Multi-Agent System for maximizing the overall reward of all agents?

Hello,

maybe you can help me with the following problem.

System Model:

We assume two Agents A and B, and their corresponding actions a_a and a_b .
The actions space is defined as {1,2,3}. The numbers correspond to the row and column of the reward matrix.
The reward matrices are defined as follows:

Reward Matrix for Agent A:
[11 0 0,
0 0 0,
0 0 -10]

Reward Matrix for Agent B:
[11 0 0,
0 0 0,
0 0 100]

Now, Agent A chooses the column and agent B the row. Both observe the reward from their corresponding matrix.

Optimization Objective

We want to maximize the overall reward, i.e. the sum of the reward of Agent A and B.

Whats the question now?

We solve the above objective by using a centralized critic multi-agent system, following this tutorial (ray/centralized_critic.py at master · ray-project/ray · GitHub).

Unfortunately, this system only optimizes the agents individual reward, as seen here:

Unbenannt

Is there any example of a multi-agent system which is suited to our optimization objective, i.e. maximizing the overall reward?

In our model, this would lead to a overall reward of 90 instead of 22.

Thank you very much.

Best,
Aaron

1 Like

@aronium the reward comes from the environment. What I gleaned from your description is that you have two agents, each is training a seperate policy which means each will store their own samples independently. If you want them to share a global reward then you need to provide that. The natural place to do that is in the environment.
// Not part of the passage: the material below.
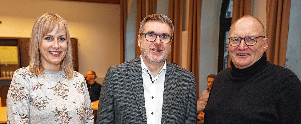 Gespräch über die Zukunft der Seelsorge in Dortmund (v. l.): Alina Sivaraj und Pfarrer Günter Eickelmann, Ansprechpersonen beim Erzbistum Paderborn für die „Pastorale Planung und Entwicklung“, mit Propst Andreas Coersmeier. (Foto: Michael Bodin/Erzbistum Paderborn)

I don’t k ow your ultimate goals but one way I would think you do that is to include a “global_mixing” parameter when constructing the environment and define the reward as some variation of (own_reward + self.global_mixing * other_reward) Then you have a continuum where if global_mixing is 0 each would be maximizing their own individual reward and 1 would be a fully shared global reward.

With your current setup I would expect that you should see a switch from 0 0 to 2 2 in the actions somewhere around .21.